*What to produce*: From the records below, please print only the lines from the one containing "Dusit Thani Beachfront Balapitiya, Sri Lanka" through the one containing "Receive notifications from", both included. Skip the pictures.

Source data Start Marker

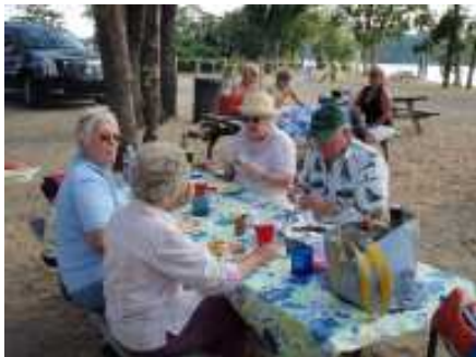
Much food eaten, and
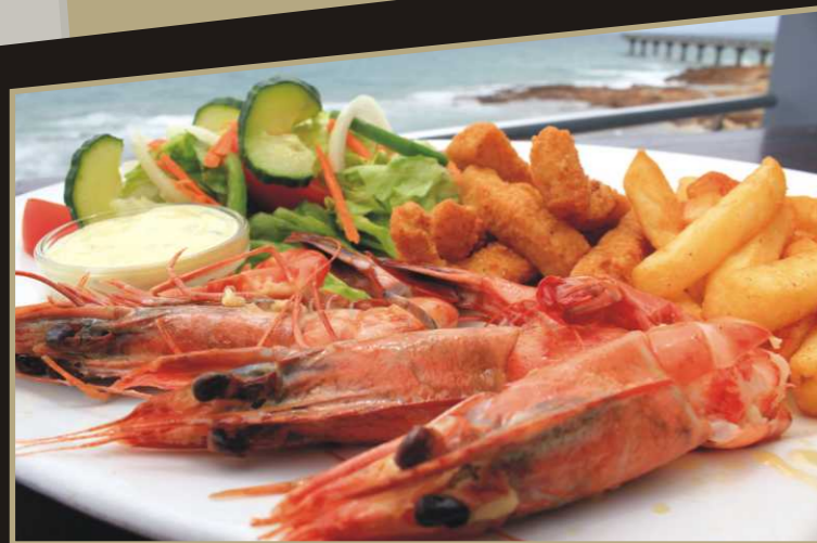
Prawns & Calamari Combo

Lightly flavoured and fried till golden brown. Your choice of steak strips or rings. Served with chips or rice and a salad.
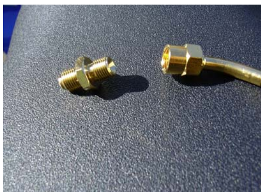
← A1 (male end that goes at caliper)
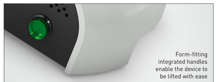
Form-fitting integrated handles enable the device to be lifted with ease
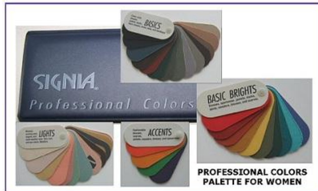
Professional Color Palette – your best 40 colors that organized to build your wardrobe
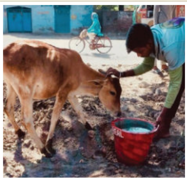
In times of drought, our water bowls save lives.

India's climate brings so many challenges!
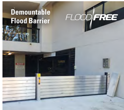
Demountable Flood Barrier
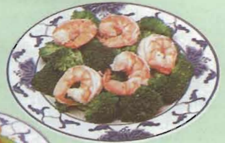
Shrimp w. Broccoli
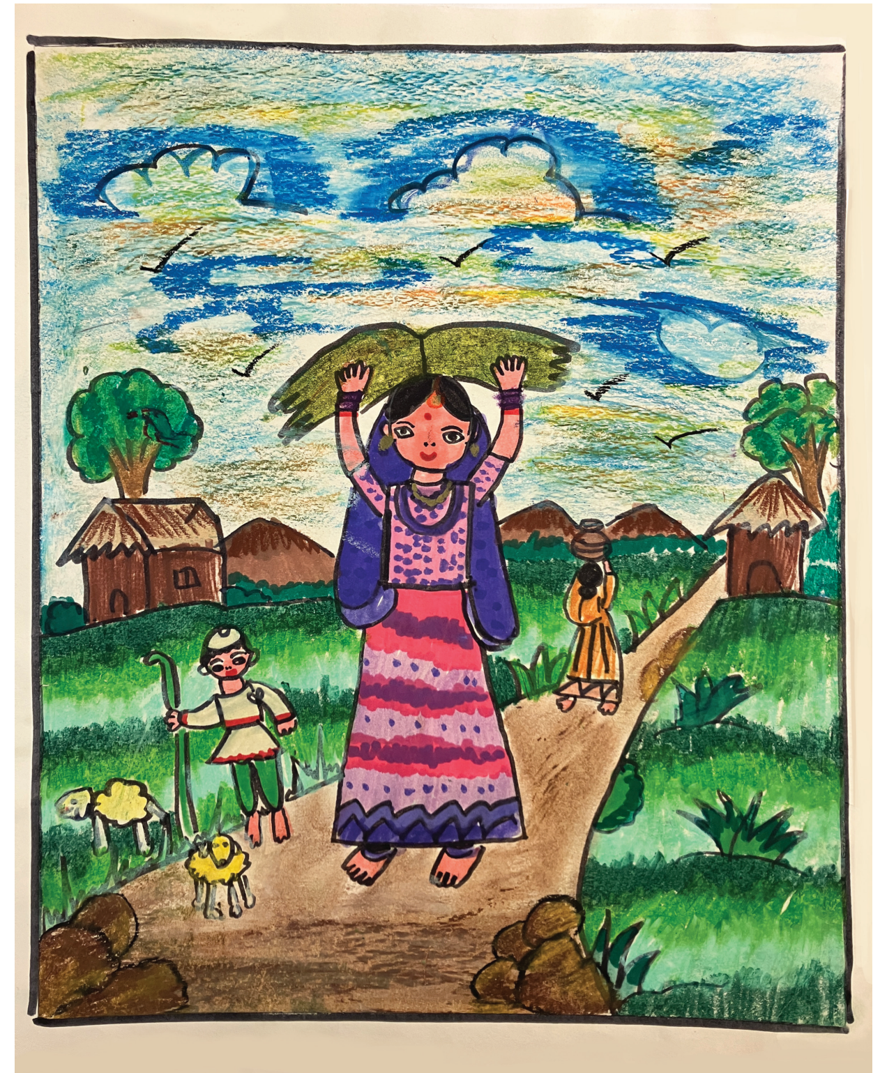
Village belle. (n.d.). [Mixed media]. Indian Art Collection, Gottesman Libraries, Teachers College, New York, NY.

Source data End Marker
Source data Start Marker

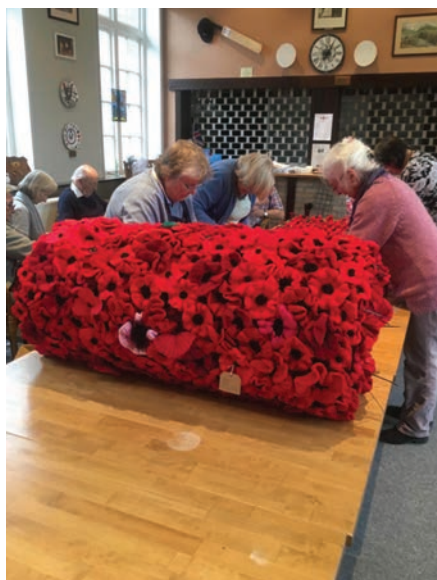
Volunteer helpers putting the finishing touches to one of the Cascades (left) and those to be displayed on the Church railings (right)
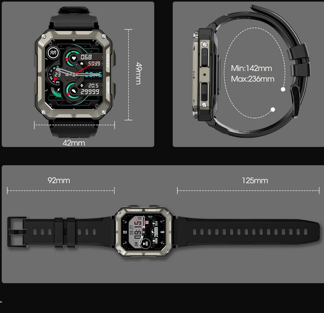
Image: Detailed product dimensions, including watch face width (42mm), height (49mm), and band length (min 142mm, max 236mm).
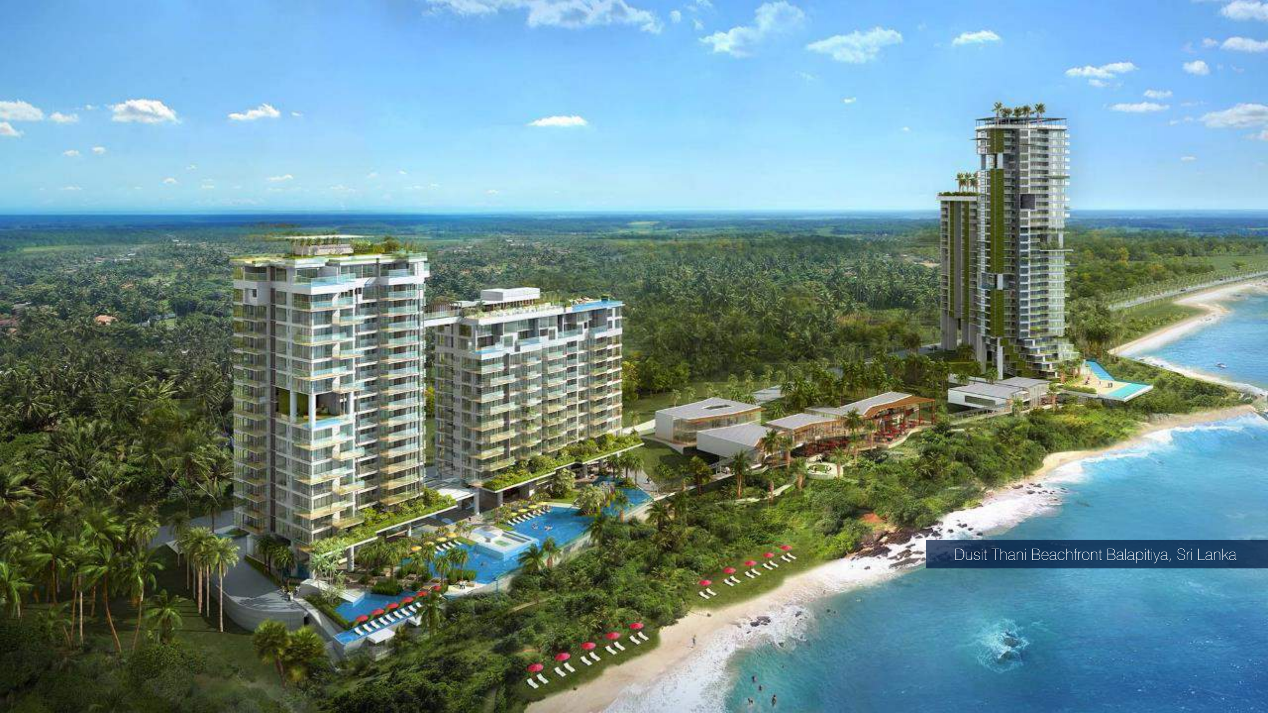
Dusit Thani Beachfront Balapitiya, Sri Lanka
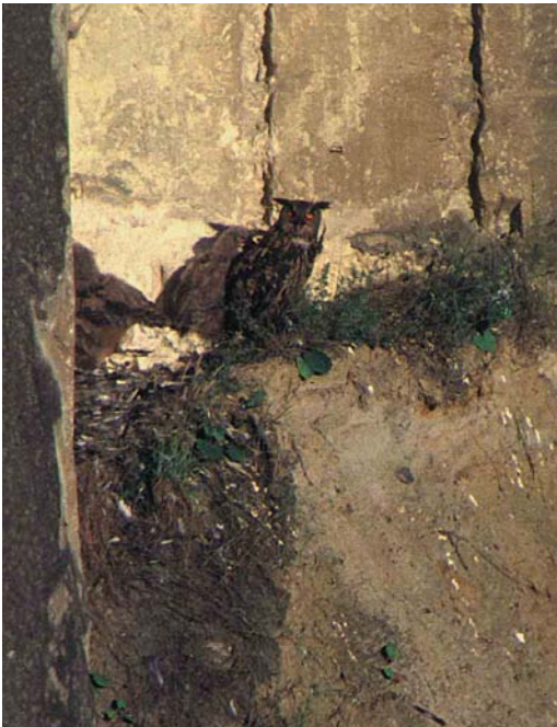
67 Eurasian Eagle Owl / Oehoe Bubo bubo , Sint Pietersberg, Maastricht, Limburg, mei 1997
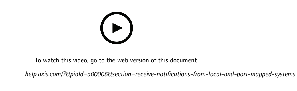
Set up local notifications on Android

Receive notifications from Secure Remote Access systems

Source data End Marker

*Final answer*:
Dusit Thani Beachfront Balapitiya, Sri Lanka
67 Eurasian Eagle Owl / Oehoe Bubo bubo , Sint Pietersberg, Maastricht, Limburg, mei 1997
Set up local notifications on Android

Receive notifications from Secure Remote Access systems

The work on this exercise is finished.